3.2 Similarity in gene expression among samples
Similarity in gene expression among biological replicates - i.e., individuals belonging to the same treatment group - gives an idea of reproducibility of our data and of the overall variation among samples. Similarity in gene expression within and among groups can be estimated using the sample correlation or Euclidean distances (see Materials and Methods for further details). Pearson correlation coefficients (r) for biological replicates were equal or above 0.9 for 97% of comparisons (same tissue and some tissue within a group) (Table S3 on Dryad). This indicates that although variation in gene expression occurs among individuals, biological replicates are generally very similar.

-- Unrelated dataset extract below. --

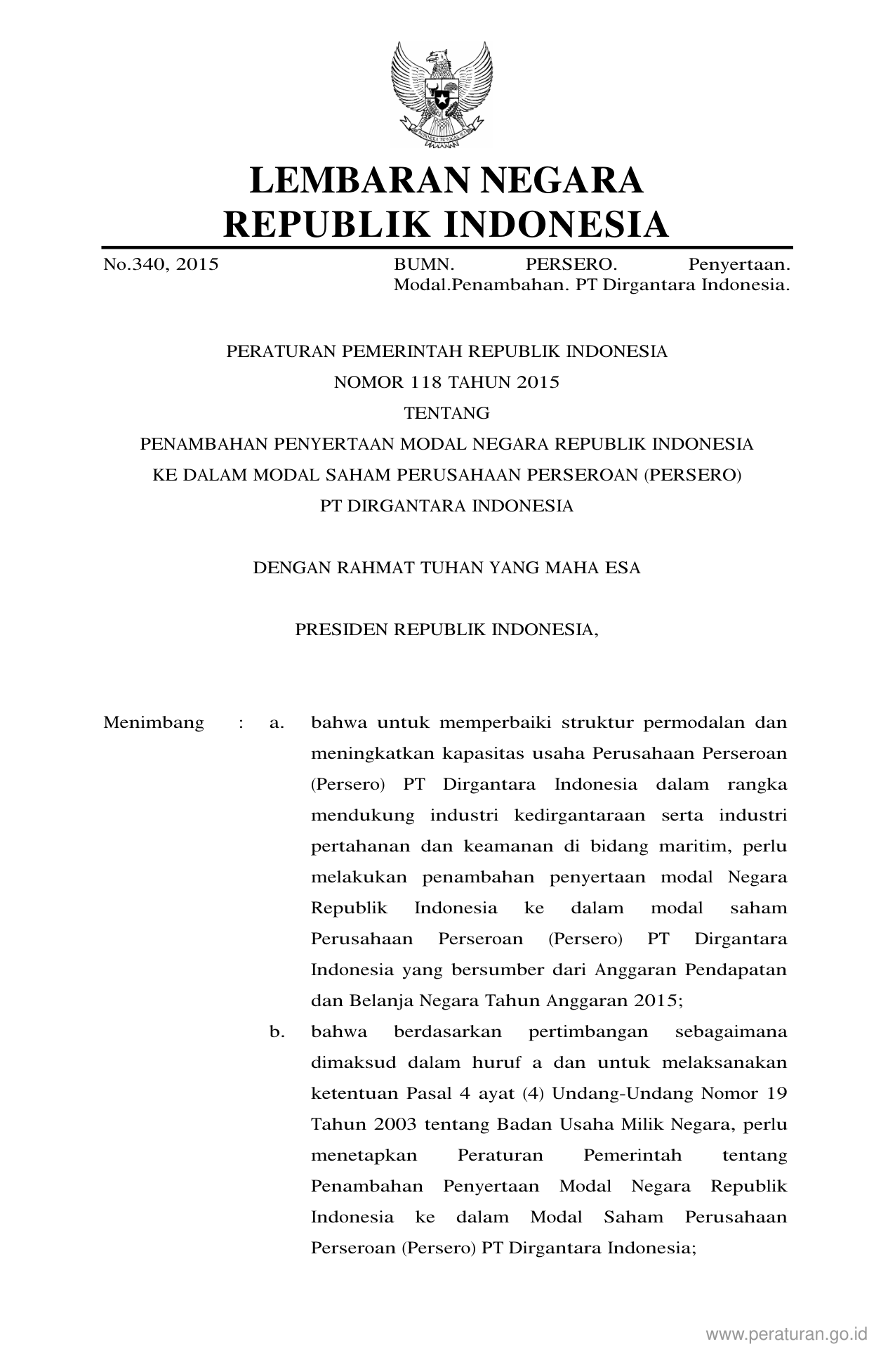 PP Nomor 118 Tahun 2015 | Peraturan Pemerintah Nomor 118 Tahun 2015 tentang PENAMBAHAN PENYERTAAN MODAL NEGARA REPUBLIK INDONESIA KE DALAM MODAL SAHAM PERUSAHAAN PERSEROAN PERSERO PT DIRGANTARA INDONESIA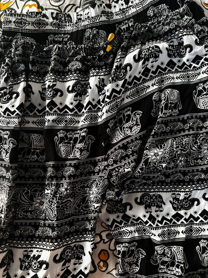 🌞 **Pantalon d’étĂ© fluide motif Ă©lĂ©phant – Taille unique** đŸ–€Noir đŸ€Blanc ✹ **Description :** ✔ Couleur : Noir & Blanc ✔ Motif : ÉlĂ©gants Ă©lĂ©phants et dĂ©tails floraux ✔ Coupe : Fluide et lĂ©gĂšre, parfaite pour l’étĂ© ✔ Taille : Unique avec Ă©lastique et cordon de serrage 💃 IdĂ©al pour un look bohĂšme et confortable, ce pantalon s’adapte Ă  toutes les morphologies. Son tissu respirant est parfait pour les journĂ©es chaudes ! 📩 **Envoi rapide et soignĂ©** ✹ N’hĂ©site pas Ă  me contacter pour plus d’infos ! 😊

Pearson r values between the two sequencing platforms for NEB are all above 0.9 for the samples belonging to the same group (Supporting Information Table S2), indicating that different sequencing methods did not influence the number of uniquely mapped reads. Finally, r among different tissues (for QuantSeq) and among QuantSeq vs. NEB are generally <0.5 and sometimes negative, suggesting different levels of gene expression among tissues and among the same mapped genes between the two library types.
Heatmaps of the distance matrices for the different group comparisons provide hierarchical clustering based on sample distances. When heatmaps were made combining data from the three different tissues for QuantSeq, we found three clusters corresponding to the three different tissues (Figure 2A). However, within each cluster, as also shown by the heatmaps built with data from each tissue separately, samples belonging to different groups are clustered together, indicating no clear difference in gene expression among the tested groups (Supporting Information Figure S1). Lack of difference in gene expression among the different groups was also found using NEB data (Figure 2).
Finally, comparison of QuantSeq vs. NEB found differences in gene expression between the two methods; however, this difference was not associated with any of the groups (Figure 2). Principal component analysis (PCA), another way to visualize variation in gene expression among samples, further supports the lack of differences among sampling methods and time of tissue harvesting and the differentiation between QuantSeq versus NEB and among the three sampled tissues (Figures 3 and 4 and Supporting Information Figure S2).